Haunted and haunting ethereal electronica, showcasing a lesser-known language.
The review of “QUINQUIS – SEIM”
Part of the allure of QUINQUIS and her musical mystique is her use of Breton. It’s the only Celtic language still in active use on the European mainland today. You don’t hear the language sung very often and certainly not with such poetic tendrils of intrigue. “SEIM” is a hypnotic pulsating core of strange electronica and meditative vocals and QUINQUIS knows exactly how to draw you in.
A lot of the tracks on “SEIM” follow a bit of a Tangerine Dream heavy synth flow. Be it the arpeggiated blooms of plucky gurgles with rubbery bass on “Adkrog” or something more glassy, warped and ethereal with “Setu” – music is left to unwind in your ears like dripping candle wax. There is an ebb and flow to the synths as if they are pendulums swinging from note to note and QUINQUIS is watching from above. The production is also oddly satisfying. Synth bleeps reverb perfectly to the rhythmic flow of songs and vocally choral moments swirl, build and disperse with perfect glide paths. The attention to detail with the sound design throughout the album is phenomenal.
This translates vocally to QUINQUIS singing in a curious tone. I’ve listened to the album several times and it’s their tonal ambiguity that draws me in. Sometimes QUINQUIS takes the position of the comforter, other times it feels more malevolent or foreboding. This often aligns with the instrumentation too. “Mintin” is a beautifully understated acoustic guitar and quaint bleep led ballad. The vocals are drenched in a quivering water effect as if the sea is singing to you. Then “Estren” is a quietly cinematic neon punk evocation.

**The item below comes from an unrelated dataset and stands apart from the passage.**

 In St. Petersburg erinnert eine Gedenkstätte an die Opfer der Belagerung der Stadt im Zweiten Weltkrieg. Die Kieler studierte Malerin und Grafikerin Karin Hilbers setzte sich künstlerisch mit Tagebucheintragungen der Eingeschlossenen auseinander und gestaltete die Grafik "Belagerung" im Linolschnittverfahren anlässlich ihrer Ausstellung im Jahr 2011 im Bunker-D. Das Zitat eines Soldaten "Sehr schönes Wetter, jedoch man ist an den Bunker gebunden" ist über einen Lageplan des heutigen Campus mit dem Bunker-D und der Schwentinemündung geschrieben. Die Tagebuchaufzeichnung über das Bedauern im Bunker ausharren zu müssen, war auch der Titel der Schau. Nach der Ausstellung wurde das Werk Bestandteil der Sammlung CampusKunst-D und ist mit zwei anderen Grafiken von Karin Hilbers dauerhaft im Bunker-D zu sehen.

Mixed in with the colourful and rhythmic synths are organs, guitars, pianos and a few guest performances too. “Run” features a lush and smooth dream-pop ballad with Ólavur Jákupsson. Elsewhere “Og” offers up Yann Tiersen creating some theremin-moog styled synths. Other artists provide spoken monologues to create a spooky and uneasy atmosphere.
“SEIM” is the kind of dark, curious and understated album that deserves to grow into a cult hit. Quinquis has a deft hand at creating unusual and evocative songs that feel both understated and complex. It is a tricky mood to balance and Quinquis hits the target. It’s worthwhile noting that UNESCO has labelled Berton as a severely endangered language and so to be able to hear this tongue in full flow is a wonderful gift.